🤖 AI Summary
Video identity customization faces two key challenges: identity feature degradation and diminished dynamic expressiveness in long videos—stemming from the inherent limitations of conventional static-image-based self-reconstruction paradigms, which struggle to jointly preserve identity consistency and motion richness. To address this, we propose a user-preference-driven end-to-end optimization framework. Our approach introduces, for the first time, an explicit dual-reward mechanism that jointly models identity fidelity and dynamic quality, supported by a novel pairwise preference dataset. We further design a hybrid “static-first + frontier-sampling” strategy to overcome self-reconstruction constraints, and incorporate a static-video-guided module that simultaneously preserves identity and enhances dynamic quality. Extensive experiments demonstrate that our method significantly outperforms state-of-the-art approaches across multiple quantitative and qualitative metrics, achieving concurrent improvements in identity fidelity and motion coherence—particularly in long-duration videos.
📝 Abstract
Video identity customization seeks to produce high-fidelity videos that maintain consistent identity and exhibit significant dynamics based on users' reference images.
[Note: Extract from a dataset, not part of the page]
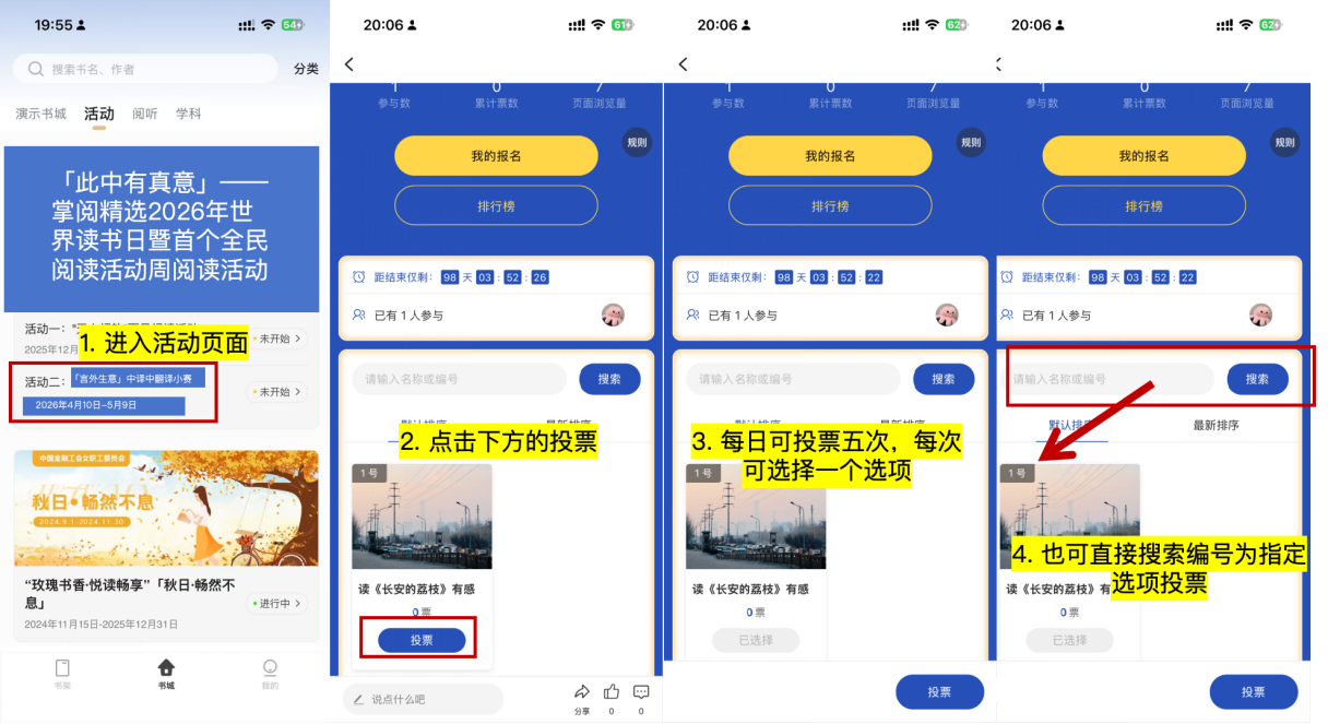 阅读推荐书单或掌阅精选书城内任意电子书,每日阅读满20分钟即可。

However, existing approaches face two key challenges: identity degradation over extended video length and reduced dynamics during training, primarily due to their reliance on traditional self-reconstruction training with static images. To address these issues, we introduce $ extbf{MagicID}$, a novel framework designed to directly promote the generation of identity-consistent and dynamically rich videos tailored to user preferences. Specifically, we propose constructing pairwise preference video data with explicit identity and dynamic rewards for preference learning, instead of sticking to the traditional self-reconstruction. To address the constraints of customized preference data, we introduce a hybrid sampling strategy. This approach first prioritizes identity preservation by leveraging static videos derived from reference images, then enhances dynamic motion quality in the generated videos using a Frontier-based sampling method. By utilizing these hybrid preference pairs, we optimize the model to align with the reward differences between pairs of customized preferences. Extensive experiments show that MagicID successfully achieves consistent identity and natural dynamics, surpassing existing methods across various metrics.